WORK REQUEST:
Reproduce the listing exactly and skip over any pictures.

MATERIAL PROVIDED:
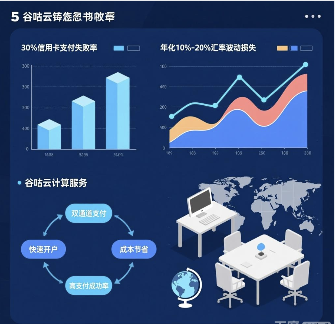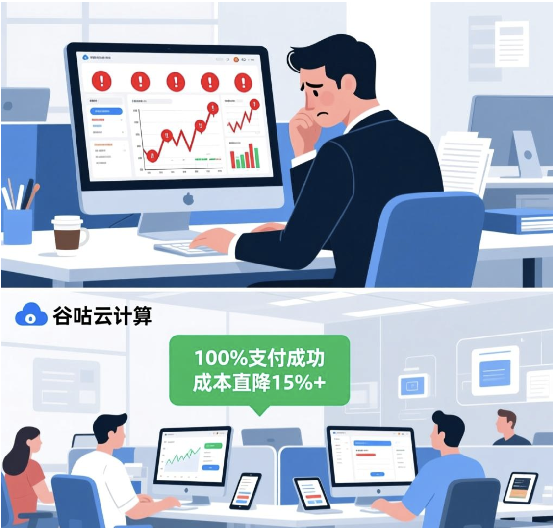 对于使用阿里云国际服务的全球企业而言,支付环节的挑战已成为业务发展的隐形障碍。高达30%的信用卡支付失败率、不可控的汇率波动损失(年化可达10%-20%),以及繁琐的海外身份认证流程,不仅增加了运营成本,更威胁着业务连续性。本文将从技术根源剖析这些痛点,揭示传统解决方案的局限,并介绍谷咕云计算如何通过创新的开户与支付方案,帮助企业实现3分钟快速开户、人民币/USDT双通道支付,稳定节省15%以上成本,确保100%支付成功率。
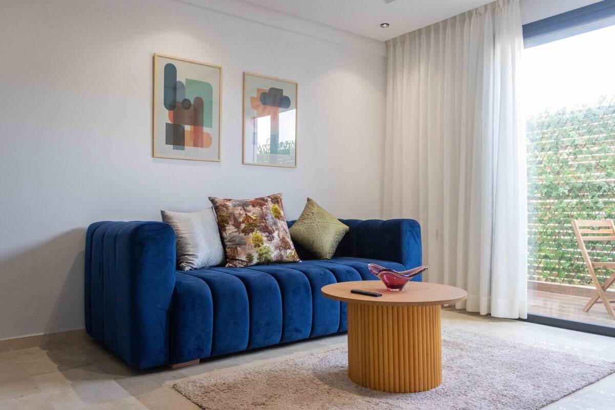 Experience the perfect blend of luxury and comfort in this stylish studio located in the heart of Casablanca. Ideal for both business travelers and vacationers, this modern space features a fully equipped kitchen, a dedicated workspace, and a private terrace for your morning coffee or evening relaxation. Unwind in the spacious living area with floor-to-ceiling windows that flood the space with natural light, or take advantage of the on-site gym to stay active during your stay.
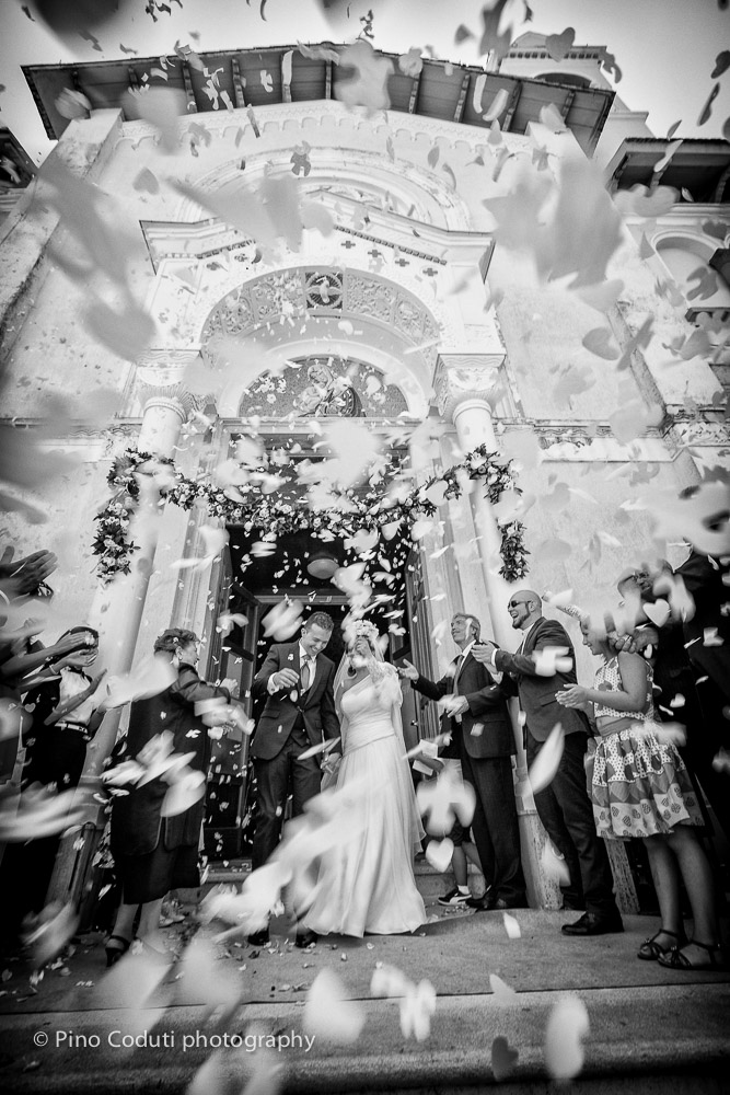 Immersi in un tripudio di coriandoli bianchi all’uscita di chiesa gli sposi sono stati accolti da tanti applausi e tantissimo affetto. Manifestazioni di gioia che si sono più volte ripetute durante il matrimonio al Nymphaeum, dove letteralmente amici e parenti hanno stretto Stefania e Ruggiero in mille abbracci.
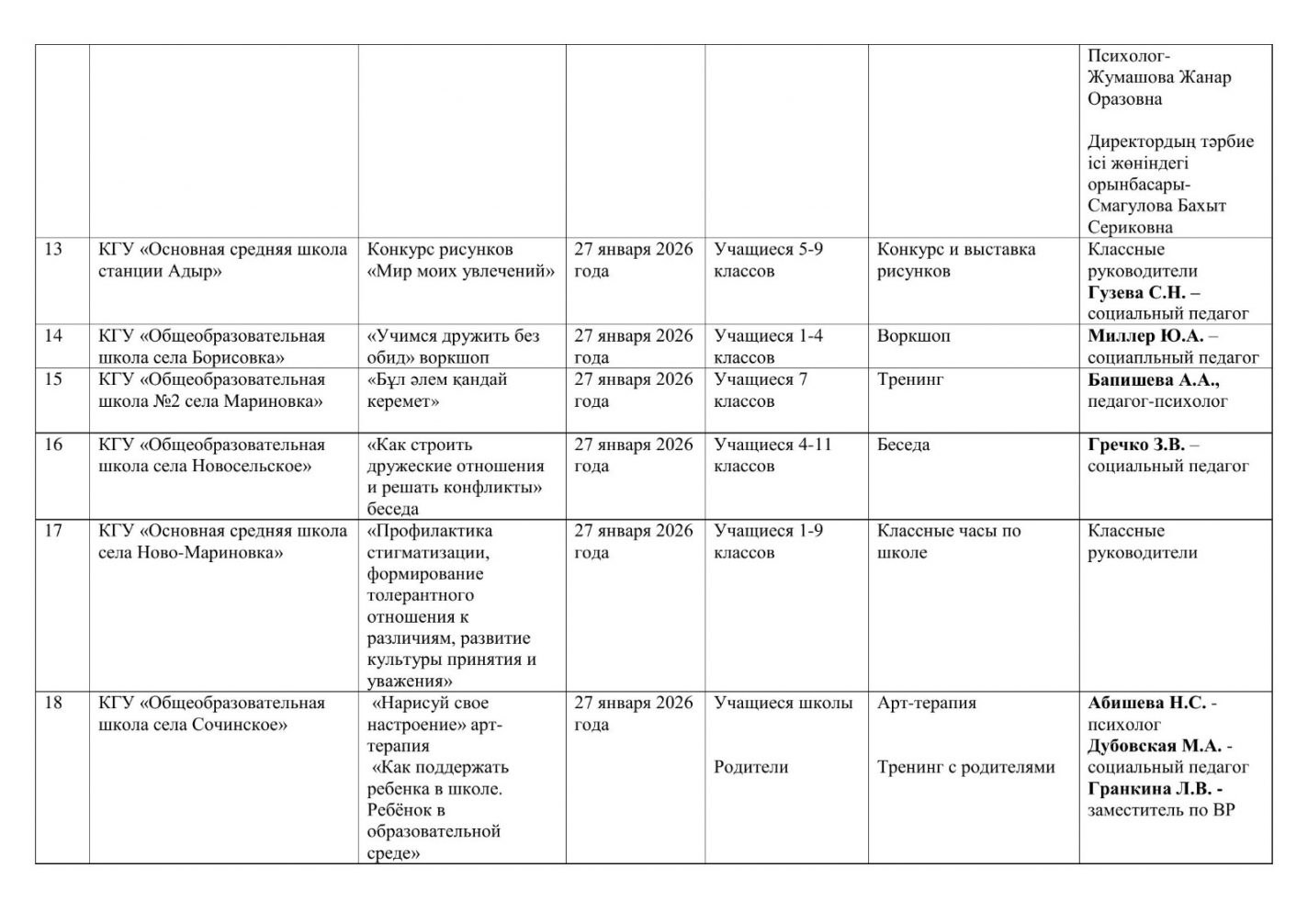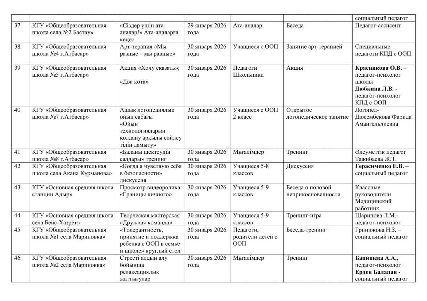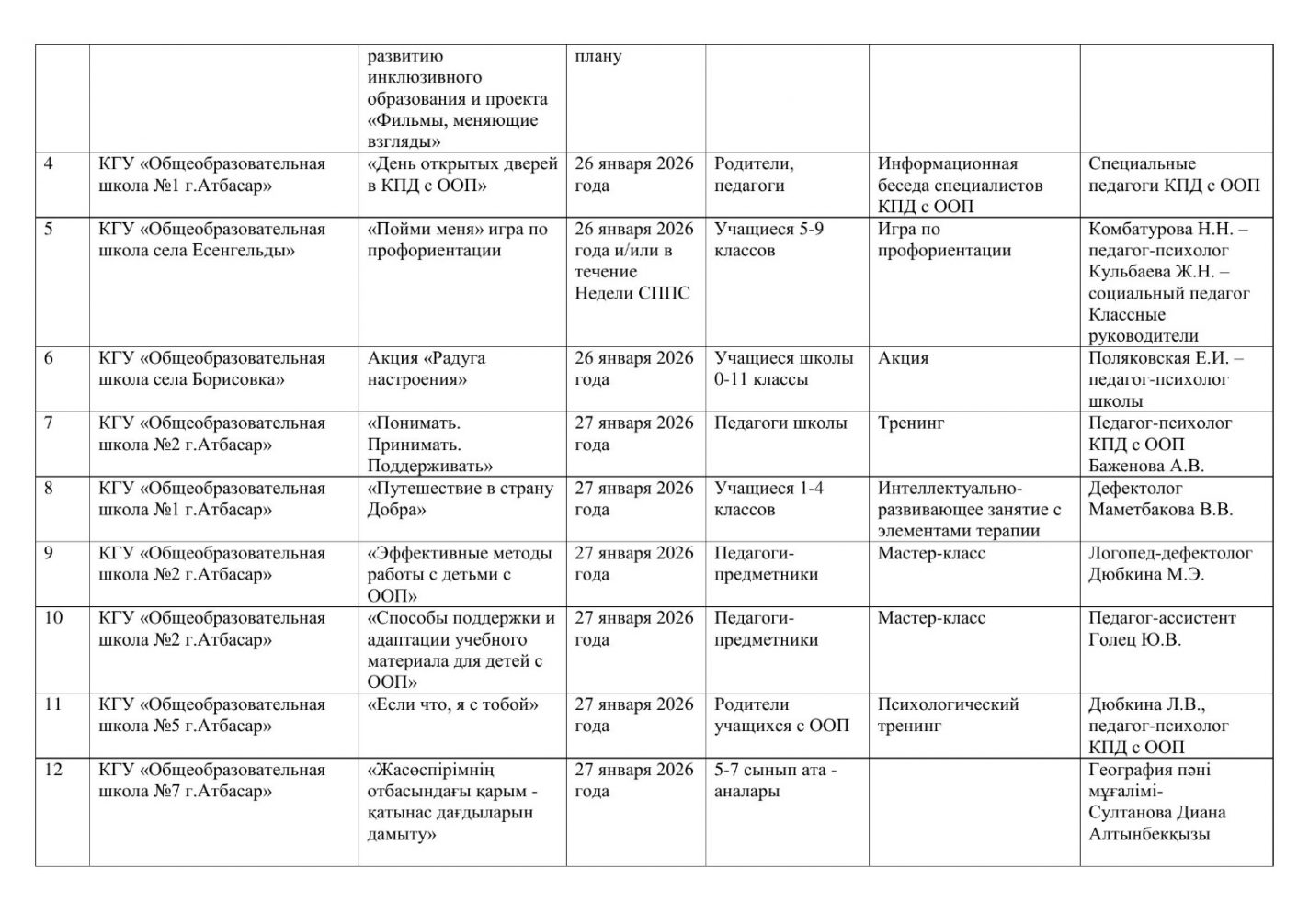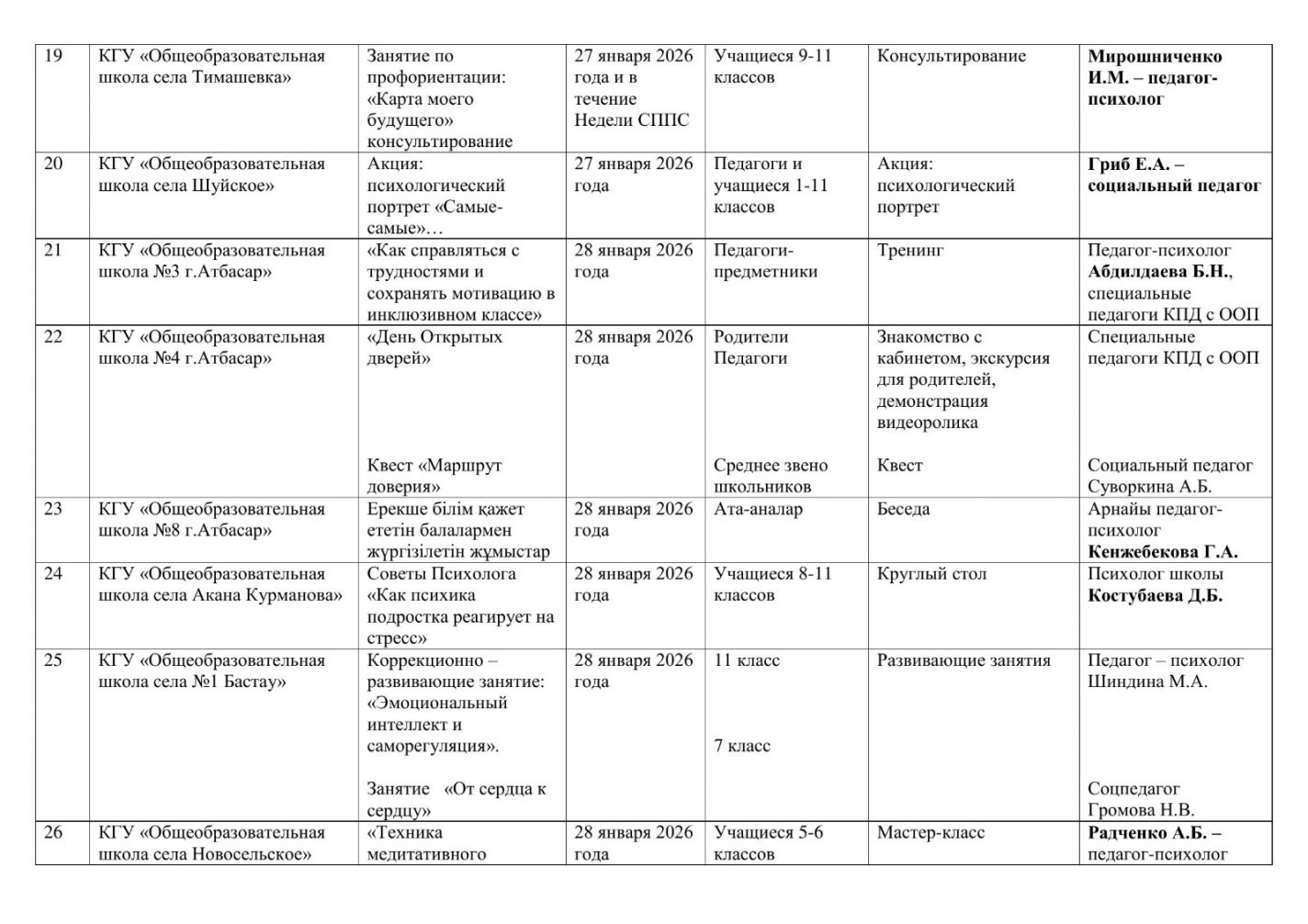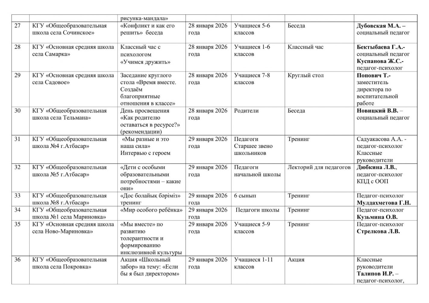 Кеңес әдіскерлері, білім бөлімдерінің басшылары және қауымдастықтар, педагог – психологтар, Ақмола облысы

RESULT OF THIS EXERCISE:
 对于使用阿里云国际服务的全球企业而言,支付环节的挑战已成为业务发展的隐形障碍。高达30%的信用卡支付失败率、不可控的汇率波动损失(年化可达10%-20%),以及繁琐的海外身份认证流程,不仅增加了运营成本,更威胁着业务连续性。本文将从技术根源剖析这些痛点,揭示传统解决方案的局限,并介绍谷咕云计算如何通过创新的开户与支付方案,帮助企业实现3分钟快速开户、人民币/USDT双通道支付,稳定节省15%以上成本,确保100%支付成功率。
 Experience the perfect blend of luxury and comfort in this stylish studio located in the heart of Casablanca. Ideal for both business travelers and vacationers, this modern space features a fully equipped kitchen, a dedicated workspace, and a private terrace for your morning coffee or evening relaxation. Unwind in the spacious living area with floor-to-ceiling windows that flood the space with natural light, or take advantage of the on-site gym to stay active during your stay.
 Immersi in un tripudio di coriandoli bianchi all’uscita di chiesa gli sposi sono stati accolti da tanti applausi e tantissimo affetto. Manifestazioni di gioia che si sono più volte ripetute durante il matrimonio al Nymphaeum, dove letteralmente amici e parenti hanno stretto Stefania e Ruggiero in mille abbracci.
 Кеңес әдіскерлері, білім бөлімдерінің басшылары және қауымдастықтар, педагог – психологтар, Ақмола облысы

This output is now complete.